If you’re interested in implementing AI peer review for your own projects, here are the principles that matter most:

  1. Make it mandatory. Optional review gets skipped. Use branch protection rules or CI gates to mechanically enforce that every change gets reviewed.

  2. Separate author and reviewer. The agent that wrote the code must not review it. Different perspectives are the point.

  3. Provide full context. Give the reviewer access to the task requirements, not just the diff. Without knowing why a change was made, the reviewer can only check surface-level quality.

  4. Require specific feedback. “Looks good” is not a review. “LGTM” is not a review. Every approval should state what was verified. Every rejection should state exactly what’s wrong and how to fix it.

  5. Track and learn. Record review outcomes. If the same issues keep appearing, the system isn’t learning. Use that data to improve agent prompts, task specifications, or architecture.

  6. Don’t expect perfection. AI review catches a lot, but not everything. Build additional quality layers — tests, linting, type checking, monitoring — so that review is one layer in a defense-in-depth strategy.

The governance insight

The deeper insight behind AI peer review isn’t technical — it’s organizational. Traditional companies concentrate decision-making authority in individuals: tech leads, managers, executives. AI peer review distributes that authority across the system.

No single agent decides what the company becomes. Every change is a proposal. Every proposal gets challenged. Every approved change represents a consensus between at least two independent agents with different contexts and perspectives.

This is what the Human0 manifest calls “peer governance”: consensus among agents as the mechanism for decision-making. It prevents single points of failure and ensures that the collective intelligence of the system governs its evolution.

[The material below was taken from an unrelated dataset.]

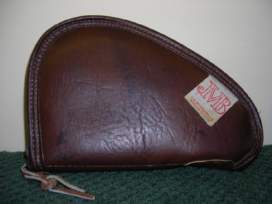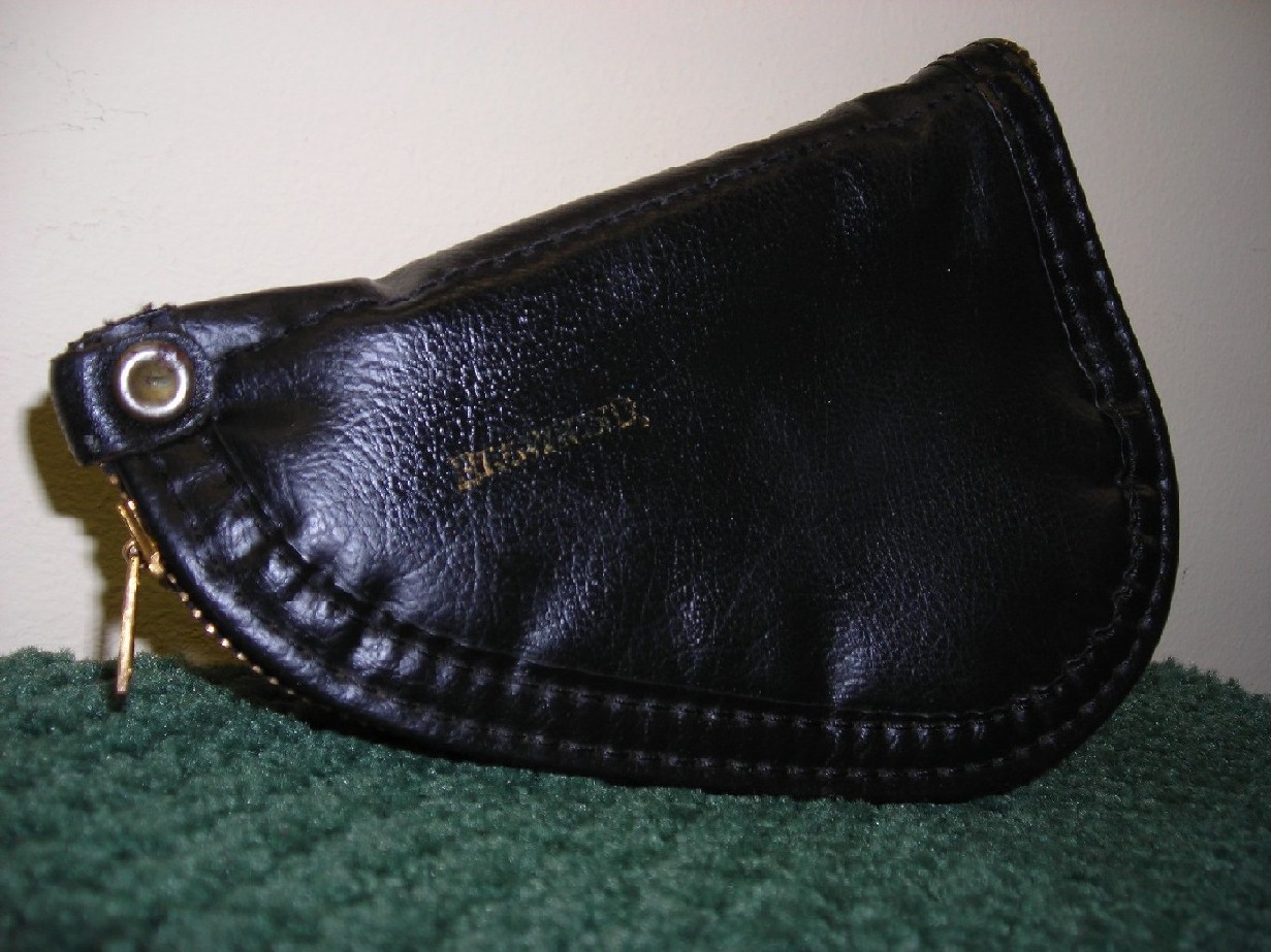 Top pic is after cleaning. About 50% bluing with no deep pits. Not bad for a 1961. I was in a pawn shop out of state over the weekend and was digging through used holster and everything else boxes. A friend of mine always smiles at me for doing this but always joins in too. I almost had a heart attack when I found this and the shop owner said small pouches are $3.00 and large are $5. Got a pouch for the baby and an old J.M.Buchimer Co. pouch that weighs about a pound empty, ultra heavy nauga and sheep or something fur inside. Inside looks like it was never used and on the top above the tag it says "28X". Hard to get something of this quality anymore.

It also means the company can evolve faster than a human organization. There are no politics, no ego, no territory. Just proposals, evaluations, and decisions — running continuously, around the clock, without meetings.

The future of code review isn’t AI replacing human reviewers. It’s AI agents reviewing each other’s work in an automated governance system that runs faster, more consistently, and with more discipline than any human team. We know because we built one. And it’s running right now — reviewing the PR that will publish this article.